Писатель Ян Виктор однажды поехал в Жешовское воеводство на авторский вечер.
– Маэстро, – приветствовал его заведующий клубом, – с одной из ваших книжек я не расстаюсь.
– С которой? – спросил писатель.
– С «Отверженными», маэстро.
У меня нет иллюзий относительно моей популярности, однако второй секретарь сказал, что меня знает.

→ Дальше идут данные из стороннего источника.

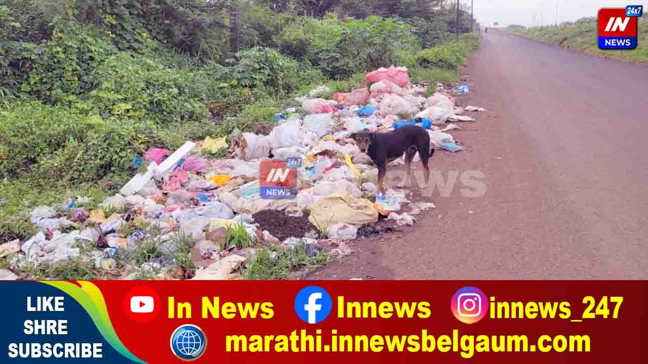 हलगा येथील सर्व्हिस रोडवर कचऱ्याचे साम्राज्य
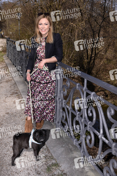Anna Ewelina beim Spaziergang mit Hund Resi am Kleinhesseloher See im Englischen Garten. München, 28. 03.2021

– В тот день, когда мы познакомились, в Варшаве было на сто тысяч человек больше, чем обычно: 22 июля 1949 года Варшава открывала трассу В-3. На Мариенштатском рынке я познакомилась тогда еще с одним человеком. Бразильским писателем Амаду. Какие у него пылающие глаза.
Поделившись со мной этой «информацией», второй секретарь покраснел.
– О вашем приезде мне писали… Нет, – торопливо пояснила она, – только от вас зависит, зря вы сюда приехали или не зря.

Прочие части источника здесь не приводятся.